Central Argument : Clearly state your argument in 1 or 2 sentences. You will spend the rest of your paper answering the following about your argument:
Support: You must support your argument with evidence. It must make sense. Tie up loose ends and cover rebuttals as needed. You will make a series of claims, each supported by evidence.
Structure: Be organized and structure your writing to best present your argument. Give an introduction at the beginning and a conclusion at the end. Edit your paper so that there are no confusing statements. A general format you can use in the body is:
Claim > Evidence** ; Claim > Evidence ; Connection ; Conclusion…. repeat.
**may be more than one piece of evidence per claim
Sources: Cite at least 8 sources in your paper. Include a works cited/bibliography page. Only include sources that are cited in the text in your bibliography.

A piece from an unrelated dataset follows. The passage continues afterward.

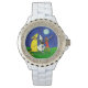 Wat gebeurt er als een kunstenaar te veel tijd in handen heeft? Ze maakt horloges natuurlijk! Wees de eerste van je vrienden die een gedurfde, kleurrijke, grillige, kunst horloge sport. We hebben allemaal wel eens gehoord van "waakhonden", maar hoe zit het met hondenhorloges? Dit charmante ontwerp is gebaseerd op een origineel acrylschilderij, getiteld, "Three Dog Night, The Painting, Not The Band" door internationaal onbekende kunstenaar, Carmen I Hurt.

Multiple perspectives: Clearly and specifically address biological anthropology and cultural anthropology perspectives, other research perspectives as relevant (e.g. psychology, medicine, education, archaeology, etc.).
Cross-cultural examples: Use at least 2 specific ethnographic examples for how people in other cultures do things. These examples need to be relevant to your argument and explain something about variation in human behavior and perspectives.
Formatting: use the format guidelines from the syllabus.
Length: no more than 3 pages. Short papers are harder than you may think! Aim for brevity and precision.